A Perturbative Window into Non-Perturbative Physics

TL;DR

This paper demonstrates that for a broad class of N=1 supersymmetric gauge theories, the effective superpotential can be computed exactly through perturbative planar diagrams, linking it to matrix models and enabling systematic instanton effect calculations.

Contribution

It provides a perturbative method to compute non-perturbative effects in N=1 supersymmetric gauge theories without relying on dualities or conjectures.

Findings

Effective superpotential equals sum of planar diagrams.

Perturbative corrections up to n-th loop yield up to n-instanton effects.

Method applies to theories embedded in string theory and beyond.

Abstract

We argue that for a large class of N=1 supersymmetric gauge theories the effective superpotential as a function of the glueball chiral superfield is exactly given by a summation of planar diagrams of the same gauge theory. This perturbative computation reduces to a matrix model whose action is the tree-level superpotential. For all models that can be embedded in string theory we give a proof of this result, and we sketch an argument how to derive this more generally directly in field theory.

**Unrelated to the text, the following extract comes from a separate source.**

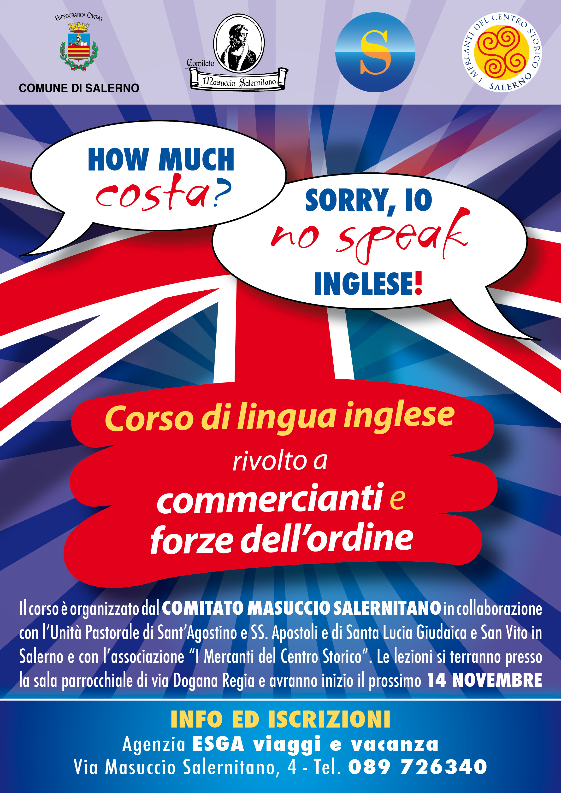 Prenderà il via il prossimo 14 novembre il primo corso d’inglese con finalità turistica rivolto a commercianti e forze dell’ordine. Ad annunciarlo è la neo eletta presidente, dottoressa Francesca Guzzo. Il corso organizzato dal “Comitato Masuccio Salernitano” - in accordo il Rev.do Sac. Felice Moliterno Parroco dell'Unità Pastorale di S.Agostino e SS. Apostoli e di S. Lucia Giudaica e San Vito in Salerno e con il presidente de “I Mercanti del Centro Storico”, signor Antonio Ventre – nasce dall’esigenza del grande mutamento della città di Salerno in ambito turistico ed ha il preciso scopo di migliorare la conoscenza linguistica e per trarne profitto in ambito professionale quando ci si interfaccia con l'utenza straniera, il tutto con il patrocinio del Comune di Salerno.

These results are obtained without assuming any conjectured dualities and can be used as a systematic method to compute instanton effects: the perturbative corrections up to n-th loop can be used to compute up to n-instanton corrections. These techniques allow us to see many non-perturbative effects, such as the Seiberg-Witten solutions of N=2 theories, the consequences of Montonen-Olive S-duality in N=1* and Seiberg-like dualities for N=1 theories from a completely perturbative planar point of view in the same gauge theory, without invoking a dual description.